— Prompt —
Exclude all pictures. Then restate, word for word, the entries from the first line through the line that contains "- les murs et".

— Information supplied —
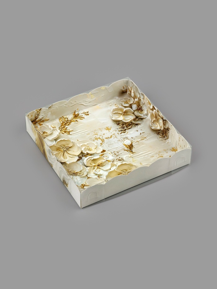 Коробка для кондитерских изделий с пластиковой крышкой «Золото», 15 х 15 х 3 см
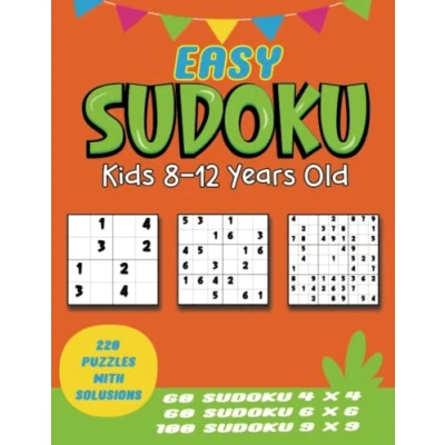 Easy Sudoku Kids 8 12 years Old: Book Of 220 For Ages Old With Solutions And 3 Types Puzzles 4x4 6x6 9x9, Children 9 10 11
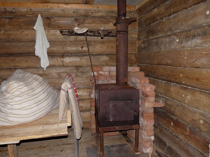 - les murs et le plafond autour du poêle sont en outre recouverts de tôles;
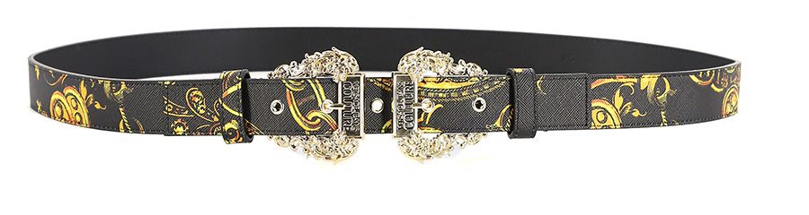 Cintura in pelle sintetica con doppia fibbia in metallo. Fantasia barocca. Altezza 3 cm. Dettagli gold.
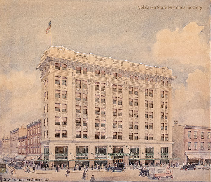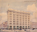 Description: Watercolor rendering by George A. Berlinghof for George A. Berlinghof (1858-1944), Architect; proposal for a highrise building, 13th & O Sts., Lincoln, Nebraska, 1918.
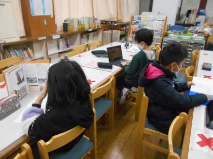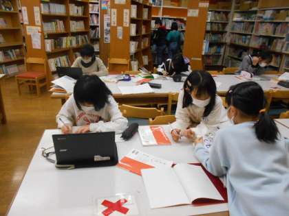 今日は図書室で関連書籍を見つけて、調べ活動を行いました。
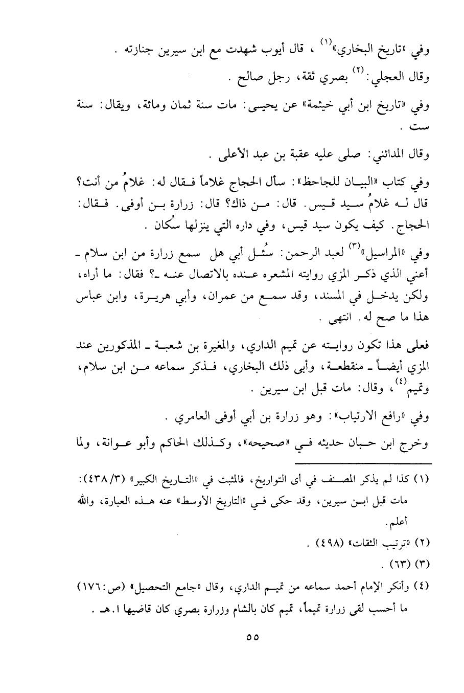 وفي «المراسيل» لعبد الرحمن: سئل أبي هل سمع زرارة من ابن سلام- أعني الذي ذكر المزي روايته المشعرة عنده بالاتصال عنه-؟ فقال: ما أراه، ولكن يدخل في المسند، وقد سمع من عمران، وأبي هريرة، وابن عباس هذا ما صح له. انتهى.
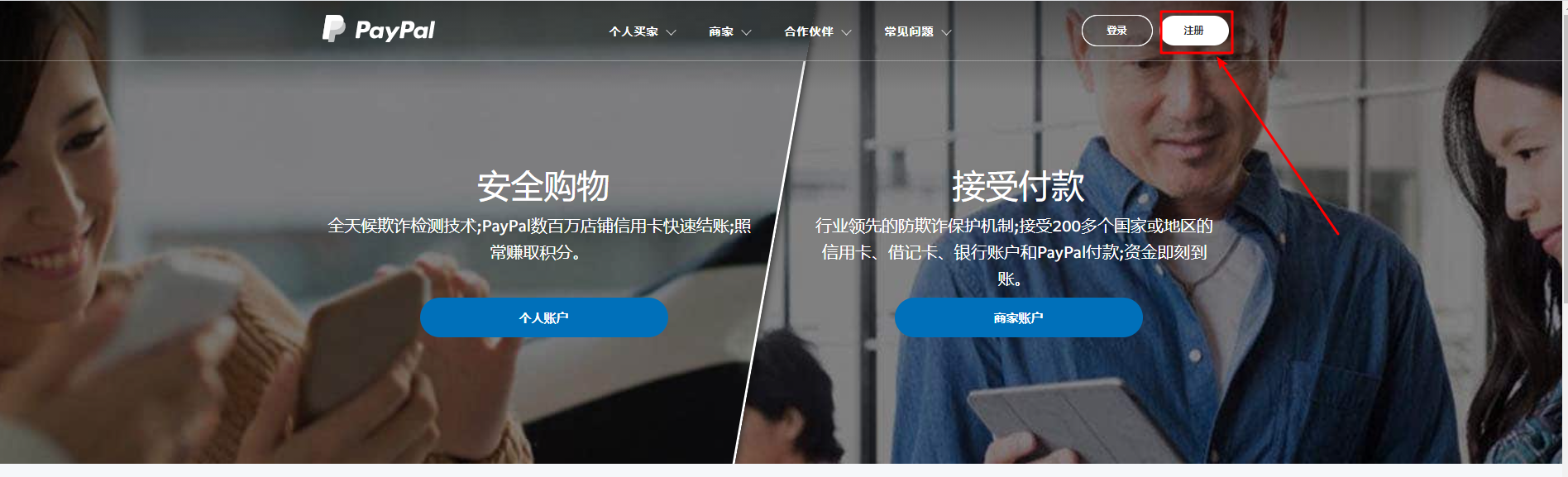 1.1 登錄paypal官網(wǎng),進(jìn)行賬號(hào)注冊(cè)。
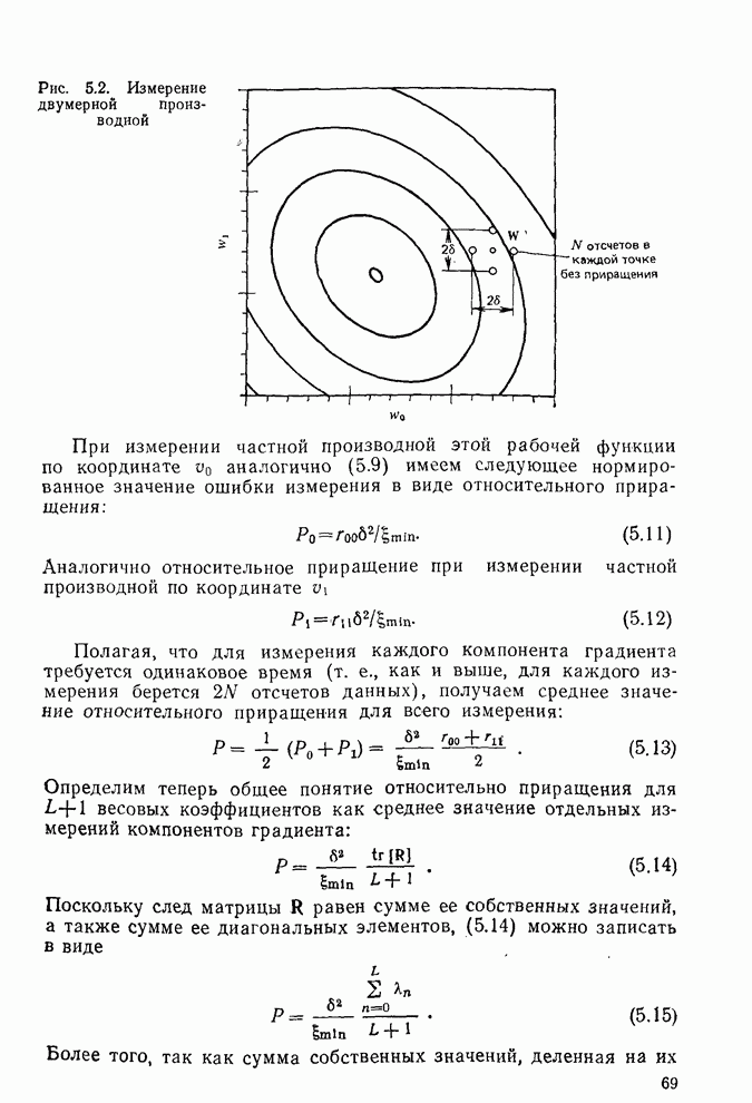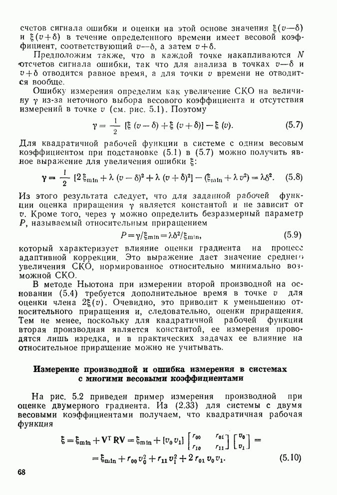 Алгоритм, основанный на рассмотренном в этом и предшествующих разделах методе Ньютона, можно сделать до некоторой степени более эффективным, если изменить процесс измерения градиента, показанный на рис. 5.1 и 5.2. Изменение процесса состоит в том, что величина g измеряется при номинальном векторе

— Answer for the task —
 Коробка для кондитерских изделий с пластиковой крышкой «Золото», 15 х 15 х 3 см
 Easy Sudoku Kids 8 12 years Old: Book Of 220 For Ages Old With Solutions And 3 Types Puzzles 4x4 6x6 9x9, Children 9 10 11
 - les murs et le plafond autour du poêle sont en outre recouverts de tôles;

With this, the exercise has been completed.